Editorial Experience
In 2016, a few colleagues and I co-founded a peer review, open-access journal, Puncta: Journal of Critical Phenomenology. I here cite from our introduction:
"The journey of its founding and the publication of its first issue required numerous conversations about the scope of the journal, its target audience, the kinds of publications that we hoped to solicit, and, perhaps most importantly, what we took “critical phenomenology” to be and to be doing. By founding this journal, we endorse and promote a specific kind of phenomenological inquiry or method: a method already being deployed by contemporary feminist thinkers like Lisa Guenther and Mariana Ortega. These scholars, inspired by the phenomenology of Maurice Merleau-Ponty, Frantz Fanon, and Gloria Anzaldúa among others, conceive of critical phenomenology as a process of inquiry that, grounded in the specificity of the phenomenon it seeks to describe, remains “on its way”—in terms of both its description of the phenomenon and its methodological presuppositions.
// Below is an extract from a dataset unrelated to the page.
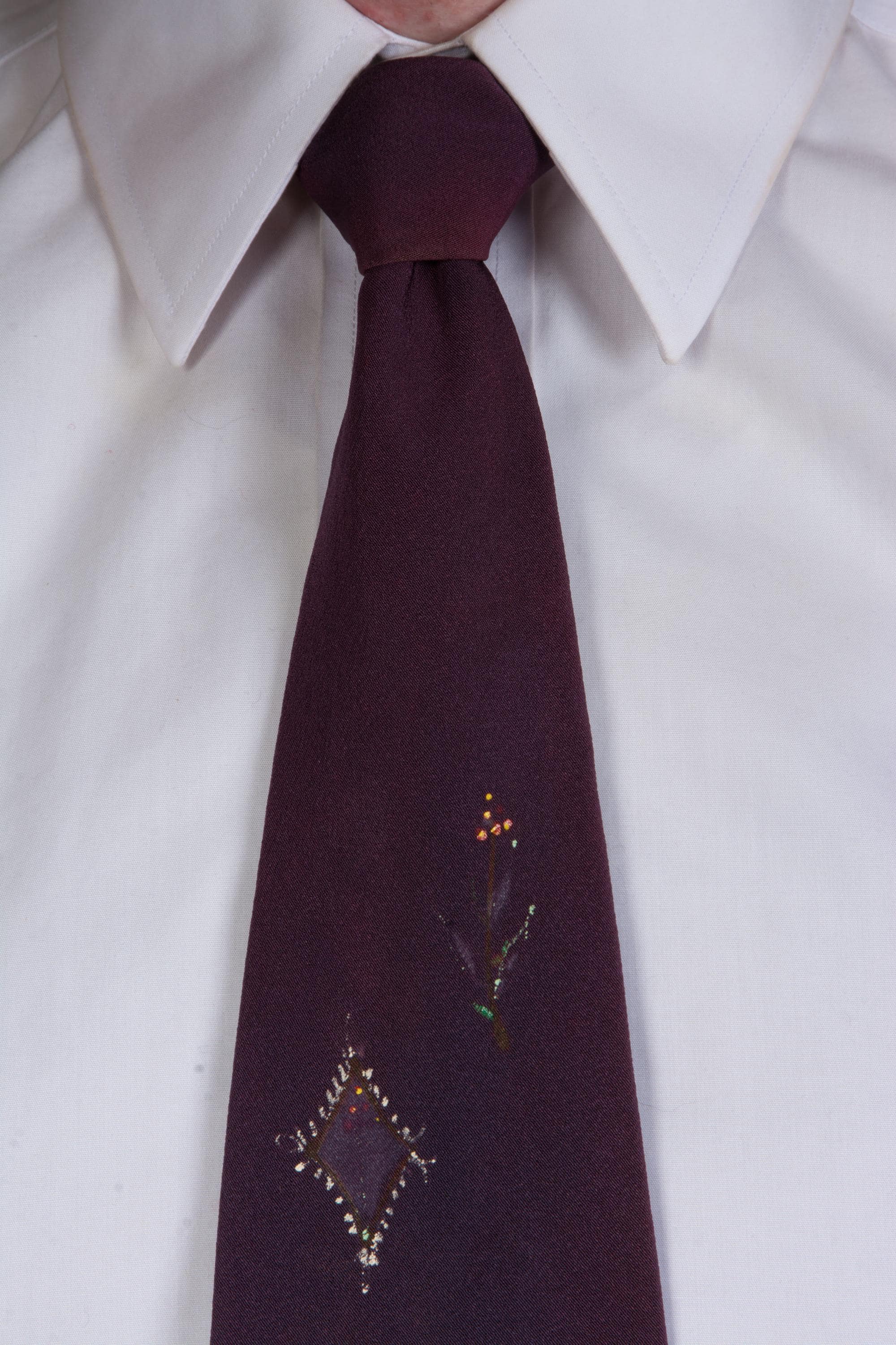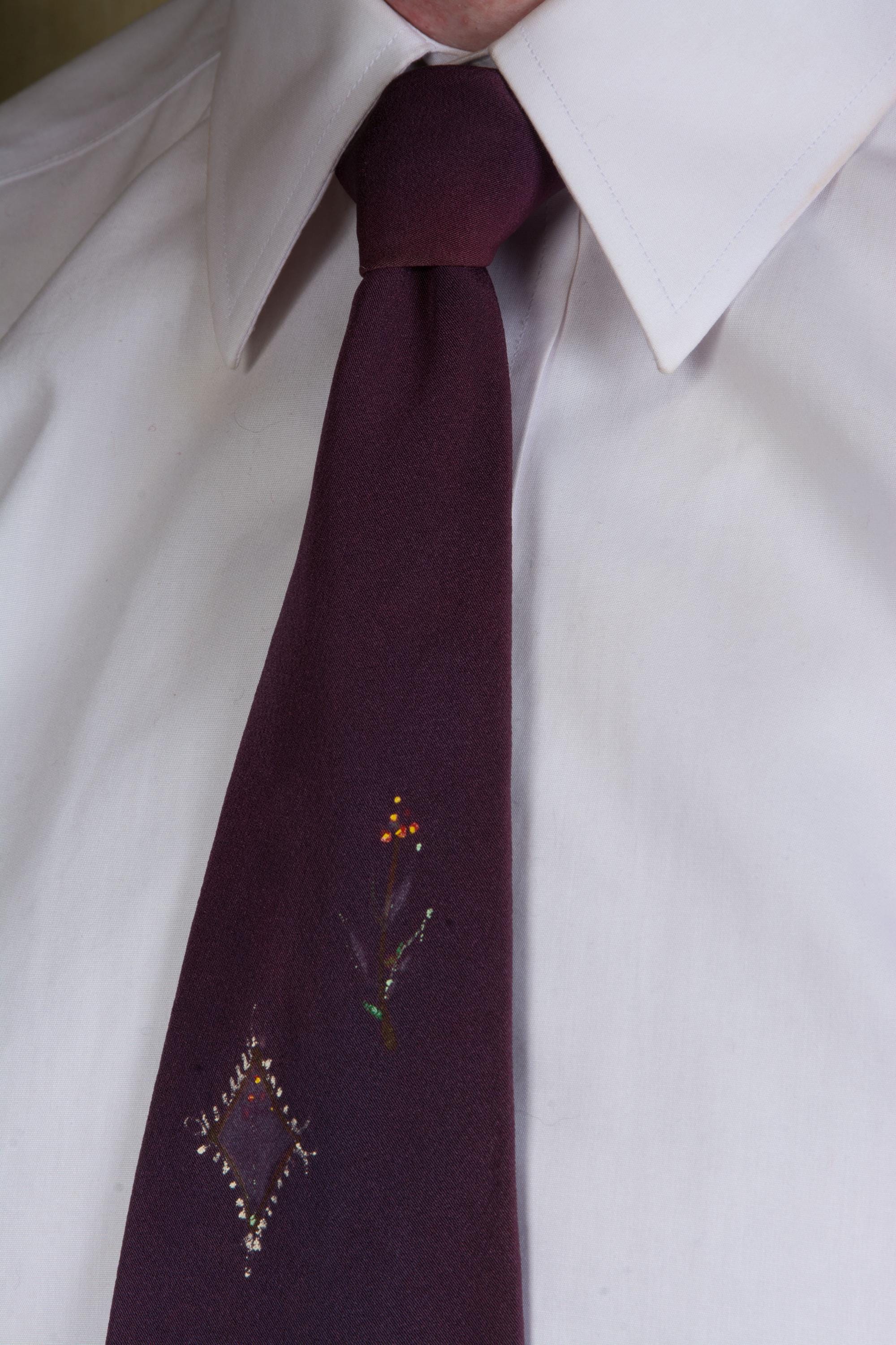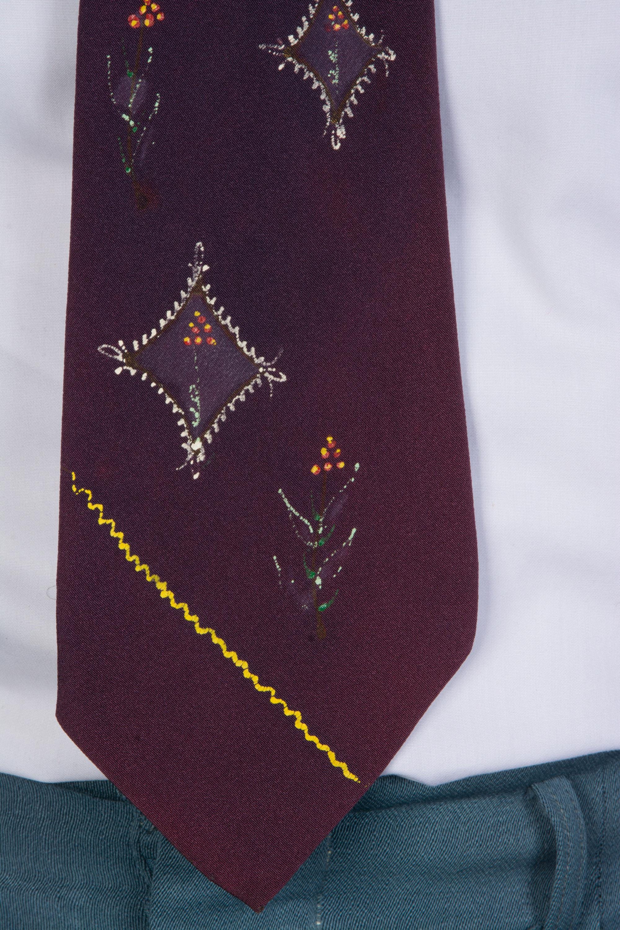A striking but imperfect late 1940s or early 50s handpainted tie. Offered because the plum color - even faded - is so scarce! This has an ombré fade. Little flowers and diamond frames climb up the front.
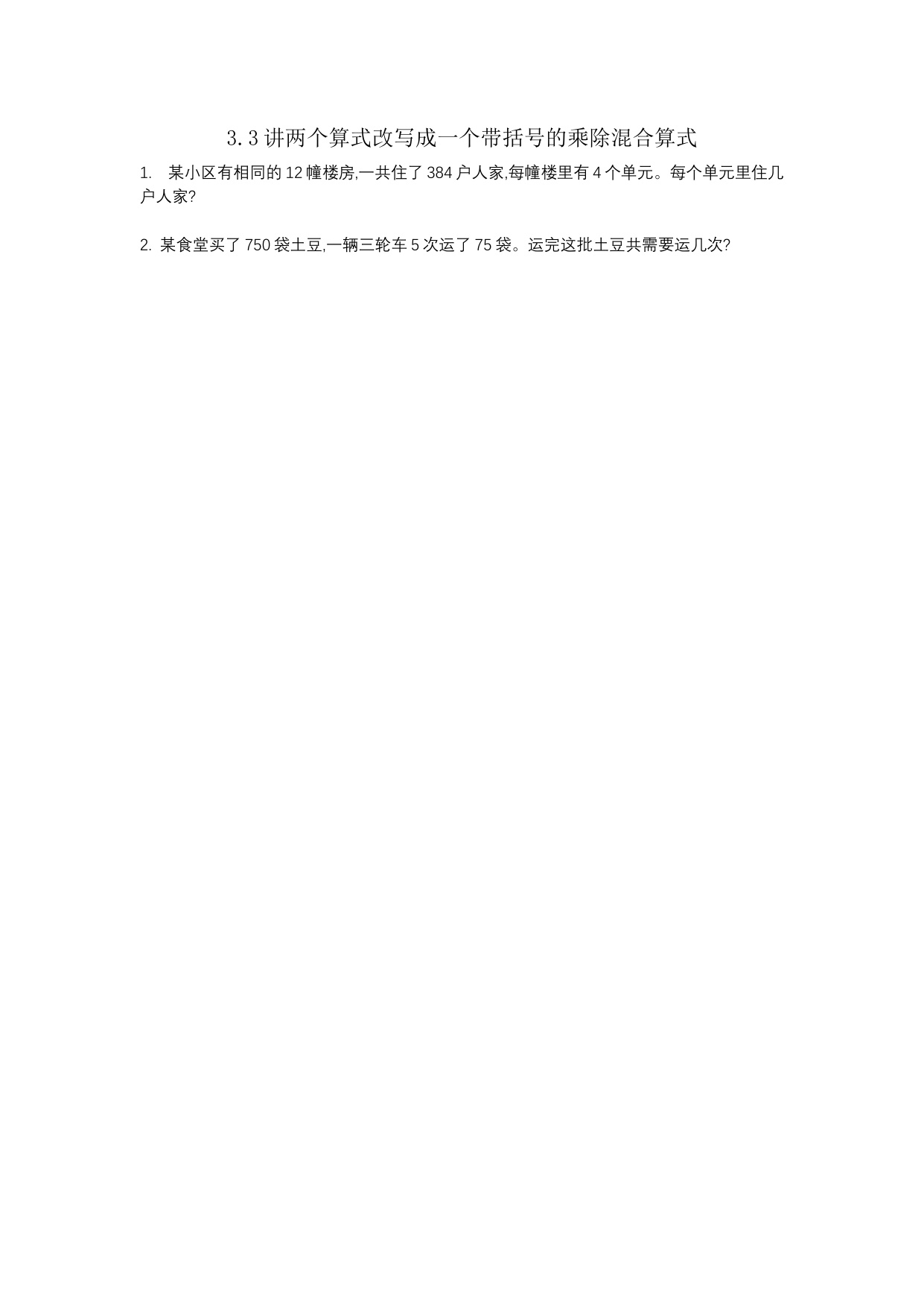 冀教版数学四上课时练3-3 将两个算式改写成一个带小括号的乘除混合算式 资料为Word格式,请下载后使用相应软件打开。

Given our indebtedness to feminist phenomenology and feminist phenomenologists, the reflection on the resonances between feminist phenomenology and critical phenomenology is essential to the delineation of the contours of the field of critical phenomenology. Our designation of the term critical phenomenology is not meant to mark a limit or an inadequacy in what is now widely recognized and accepted as feminist phenomenology proper, but rather, to suggest that feminist phenomenology and philosophies of social and political critique are already inherently implicated with one another. Critical phenomenology understands that feminist phenomenology exists within broader structures of power that shape, condition, and determine experience. And all critical phenomenology is inherently—if not explicitly—feminist insofar as it attends to experiences of difference and differences in experience. The founding of Puncta is motivated by the hope that having a specific outlet for critical phenomenology will help to establish it as its own field, and to invite scholars to engage their phenomenological work in a way that attends to those differences."